Sixteenth- and Seventeenth-Century Usage

The word maniera was used in the sixteenth century by the historian Giorgio Vasari and others to mean simply "style." Although it usually has positive connotations, it can be used negatively to mean routine, as in Vasari's reference to the late works of Perugino (born Pietro di Cristoforo), where monotony resulted from his excessive reliance on maniera. Giovanni Pietro Bellori associated maniera with a lack of proper invention and dependence upon habit or convention. For him, the interval between the High Renaissance and the renewal of art brought about by Annibale Carracci was a deviation in which artists departed from the model of nature and followed their imaginations instead, straying into fantasy. When Bellori says that artists vitiated art with la maniera, depending on pratica, 'routine', it calls to mind Vasari's condemnation of Perugino.

Modern Interpretations

In its departure from the norm, maniera acquired a positive value in the climate of the early twentieth century, when the dismantling of the academy and of the authority of classicism was being celebrated. Walter Friedländer undertook a reexamination of mannerism in his influential essay on the anticlassical style (1925), interpreting the paintings of Jacopo da Pontormo, Rosso Fiorentino, Parmigianino (born Girolano Mazzola), and (selectively) Michelangelo Buonarroti as expressing a rejection of classicism and a rebellion against it. In its conscious rejection of the norm and search for a new ideal of beauty, the mannerist painters stretched the proportions of limbs, elongated the body, narrowed the depth of space, and pressed figures against the picture plane. Together with his contemporary Max Dvorak, Friedländer found in mannerism relationships to the spiritual expressionism of their own time, especially German expressionism. Dvorak defined mannerism as an artistic means to express spirituality. He identified the deformations of Jacopo Tintoretto and El Greco with mannerism; their styles are better explained, however, as Counter-Reformation responses to the call of the post-Tridentine church for affective sacred images.

Friedländer's essay was not translated until 1957, but well before then the "anticlassical style" had established a firm foothold in Anglo-Saxon scholarship. He had focused on the Florentines of the 1520s, but Frederick Hartt applied his analysis to Giulio Romano (born Giulio Pippi de'Gianuzzi) and the other artists of Rome, and extended Heinrich Wölfflin's exclusion of the last half-decade of Raphael's career from the canon of classicism (see Wölfflin's Classic Art). Hartt found evidence of anticlassicism in Raphael's late workshop projects, where the overextended master had to rely heavily on his assistants, led by Romano, beginning in the Stanza dell'Incendio. Some scholars were skeptical of Hartt's conclusions, and S. J. Freedberg, in particular, restored to Raphael and classicism much of what Hartt and Wölfflin had taken away.

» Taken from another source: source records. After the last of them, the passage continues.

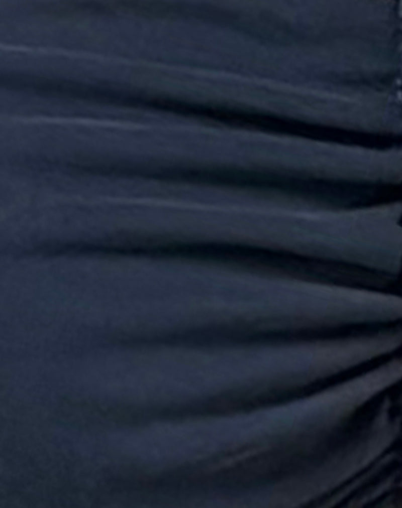The Alohi bralette in ocean storm cupro fabric. Featuring a tie halterneck and skinny cami straps, detailed with ruching on the cups. Complete with a stitched-down drape design down the centre front. Pair with the Donata trousers to match.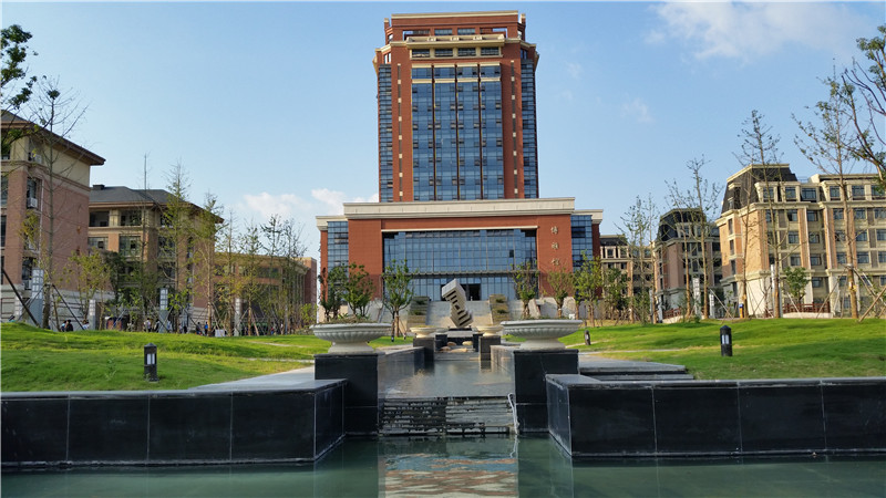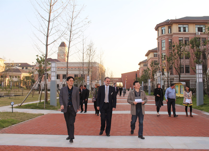 杨校长说,图书馆前主题雕塑“书山”。中国有句名言“书山有路勤为径,学海无涯苦作舟”,激励同学们以勤奋为伴,以苦难为侣,攀登知识的高峰。中心广场是借鉴了美国马里兰大学的广场风格,生态园借鉴了苏州园林的特色。生态园池塘里的水我们称为“东方之水”,中心广场里的水代表的是“西方之水”。东方的水和西方的水以一桥贯通,象征着西方和东方的融合。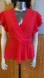 Red and white polka dot shirt sleeve blouse with faux wrap and tie waist detail.

By the 1950s scholars had recognized that anticlassicism could not explain the works of the second generation of artists, like Francesco Salviati, Il Bronzino, and Vasari. As a result of a proposal by Luisa Beccherucci calling for refinement of the definition of the style, a distinction was made between mannerism, which was applied to the first generation, and maniera, the second generation. A session of the International Congress of the History of Art in 1961 produced two seminal papers by Craig Hugh Smyth and John Shearman. Smyth deduced from a study of the period's works "conventions of the figure" that were frequently repeated and constituted a set of rules for the maniera method of constructing images. Marcia Hall further developed Smyth's brilliant insight that these conventions were derived from late antique relief sculpture, and she found the precedent and model for this "relieflike style" in the late work of Raphael (particularly, the Battle of the Milvian Bridge, 1520–1524, Stanza di Constantino, Vatican).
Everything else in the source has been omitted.